Мичман спустился на орудийную площадку, наблюдая за работой боцмана и комендоров. Немыслимо казалось что-либо сделать. Палуба уходила из-под ног, волны обрушивались на площадку. Однако боцману удалось часть перлиня вытянуть на бак, остальное прихватить по борту к стойкам и шлюпбалкам.

– Молодцы! – тихо крикнул командир, едва двигая губами. Окоченевший, бледный, он стоял, не отрываясь от тумбы.

Когда миноносец лег на прежний курс, волна ударила под мостик и, продавив дверь под полубаком, залила носовой кубрик и смыла вахтенного начальника с орудийной площадки под полубак. Зацепившись за сломанную стойку рукавом, он повис над дверью, тщетно нащупывая ногами ступеньки трапа. «Господи, какой стыд», – подумал он. Его сейчас же сняли. Оторванный рукав остался болтаться на обломке стойки.

Застигнутые в своем помещении волной матросы стали выскакивать наверх и со сконфуженными лицами озирались по сторонам.

– Держись, держись, молодцы! – слабо крикнул со своего места командир.

Мичман заглянул в носовой кубрик. Люди вышли оттуда. В углу, на рундуке, растопырив ноги, стоял Джек. Жучка вплавь перебиралась к нему с другого борта. Трюмный старшина проворно спустил воду в таранное отделение и привел в действие водоотливную донку.

– Владимир Николаевич, – позвал мичмана командир, – обойдите помещения и навестите гостя.

Вахтенный начальник еще раз заглянул в кубрик и стал пробираться на корму. Инженер-механик выглянул из люка.

– Ну что? – спросил он.

– Командир не повернет, – лаконически ответил мичман. Срываясь ногами со ступенек, он пустился вниз и заглянул в кают-компанию. Против входной двери был книжный шкаф. Книги и бумаги, сложенные в нем, выбили на качке фанерную дверцу и рассыпались по полу. Через разбитый при падении стеньги световой люк, в кают-компанию заплескивала вода. Мичман хотел было собрать размокшие книги, но не мог ничего сделать, так как обеими руками должен был держаться за стенки, чтобы не упасть.

Командир «Андрея Первозванного» лежал на диване, зацепившись одной ногой за шкаф и держась рукой за медный козырек под иллюминатором над его головой. При всем этом он казался спящим. Лицо было спокойно. Глаза закрыты.

Стол с оторванными ножками лежал опрокинутым вверх дном. Иллюминаторы поминутно уходили в воду, и кают-компания погружалась во тьму.

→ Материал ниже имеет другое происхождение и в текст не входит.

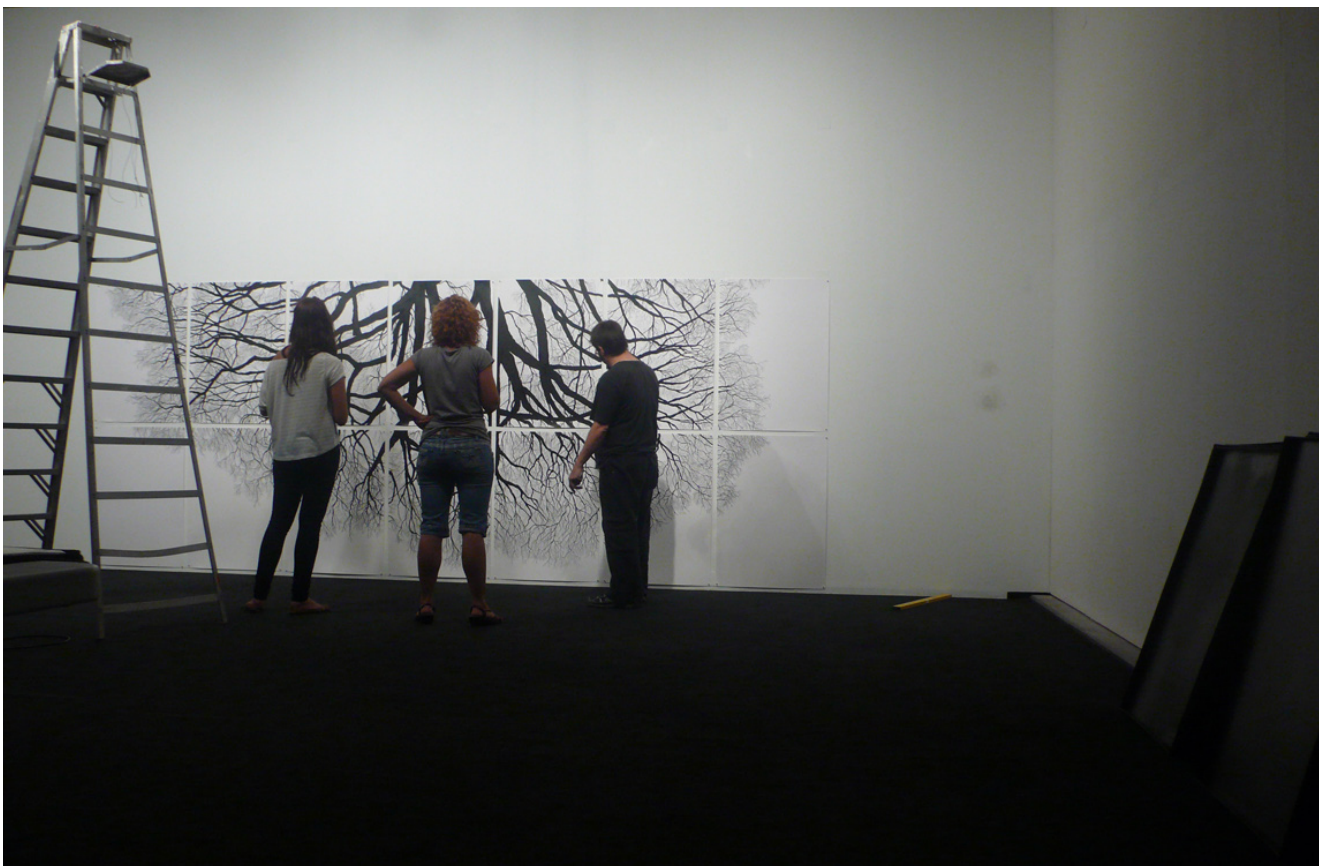
Vista del muntatge de l'exposició al Bòlit. Centre d'Art Contemporani de Girona.

- Contacte amb "agents" actius del panorama de les arts generacionalment propers als estudiants, facilitant la comunicació i la confluència d'interessos.
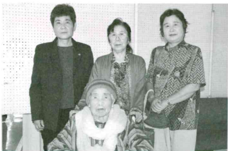
出席者のなかで最高齢者 101歳
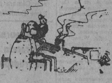
—¿Qué hace usted ahí? —Es que me gusta llegar primero a todas partes.
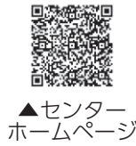
▲センターホームページ

申込方法／申込用紙に必要事項を記入し、郵送、ファクスまたはPDFデータ化したファイルを添付し、メール (yousei@minisupport-miyagi.org) で申し込み
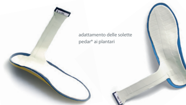
adattamento delle solette pedar® ai plantari
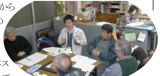
コミバス計画チームはボランティア、行政、芥見南の方も交えて準備に余念がありません

私たちのこれから の生活の向上の ために、大勢の 方の努力・協力 でコミュニティバス が発車しようとして います。

Вахтенный начальник повернул обратно. В уборной что-то страшно сопело. Под трапом он увидел распростертого среди осколков посуды вестового, стонавшего от мучительной икоты.

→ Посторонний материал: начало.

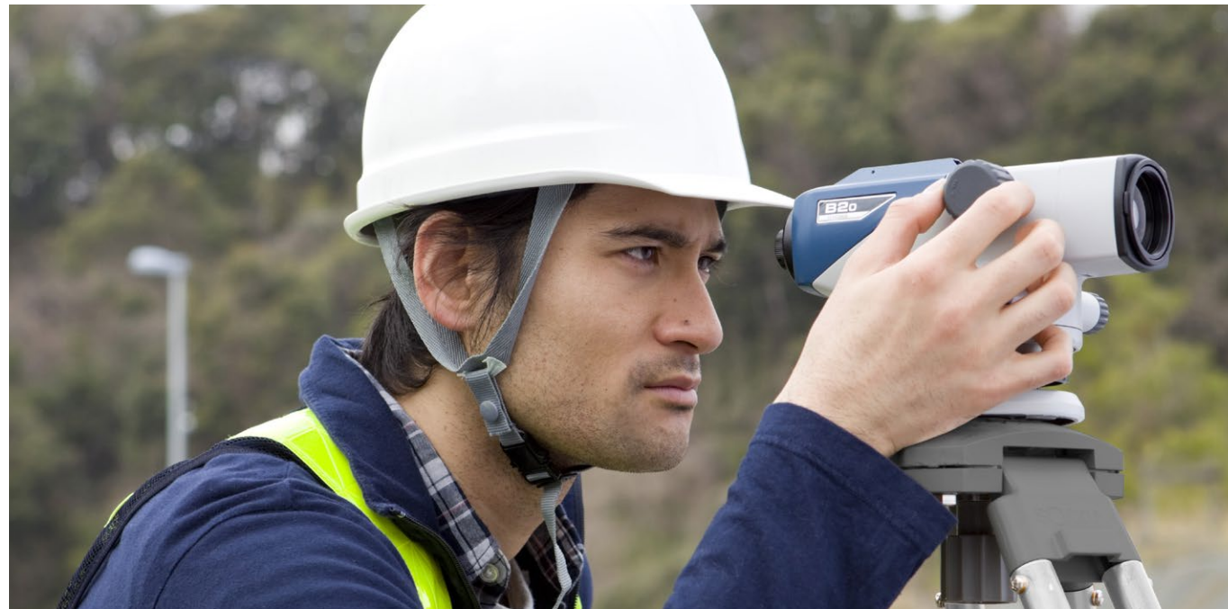
高倍率の高精度モデル

Чувствуя, что оставаться внизу дольше невозможно, мичман поспешил наверх. Он дошел до кормового помещения и заглянул в него. Сюда волны почти не попадали, и вся свободная от вахты команда собралась здесь, растянувшись вповалку на полу и на нарах. Кислый запах рвоты ударил мичману в лицо. Он повернулся и пошел на мостик.

– Все… в порядке… – доложил он.

– Течи нет?

– Течи нет, но почти всюду попадают волны.

– Ничего. Работают донки.

Командир замолчал. Мичман крепко обнял стойку дальномера и замер на своем месте. Миноносец по-прежнему валяло с боку на бок, но мичман ничего уже не чувствовал, ни о чем не думал, ничего не говорил. Под мостиком от качки разошлись фланцы вспомогательной паровой трубы. Стал сочиться пар. Как сквозь сон, слышал мичман стук зубила и ворчанье подвахтенного машиниста. Он изредка взглядывал на командира, и ему до слез радостно было, что вот бледный командир прочно стоит на своем месте, никуда не уйдет и никогда не отступит. И он понял, что теперь он сам никогда в жизни не сможет поступить иначе, что он сразу стал старше и сильнее.

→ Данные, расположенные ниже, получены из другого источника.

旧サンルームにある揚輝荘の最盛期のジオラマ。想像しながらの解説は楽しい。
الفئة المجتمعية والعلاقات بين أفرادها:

– Вашсокродь! Вульфский знак слева по носу, – доложил сигнальщик.

– Смотри вехи по носу справа, – ответил командир.

Впереди показался берег. Но мичману было все равно. Ему казалось, что он может простоять так еще долго и что его никогда не оставят силы. Он начал искать вехи и быстро нашел их прямо по курсу. Они были повалены волной и временами пропадали за гребнями.

Миноносец переменил курс. Перед ним, как на дальней декорации, обозначились островерхие башни старого города. Белая полоска пены отметила деревянный мол гавани. На рейде, прервав сообщение с берегом, стояла бригада линейных кораблей. Миноносец поднял позывные, отдавая этим честь адмиралу.

– Идти в гавань, – ответил сигналом адмирал.

Миноносец уменьшил ход. Покрытые тиной срубы гавани то вздымались над волнами, то закрывались ими совершенно. Надо было попасть в ворота. Командир «Андрея» поднялся на мостик.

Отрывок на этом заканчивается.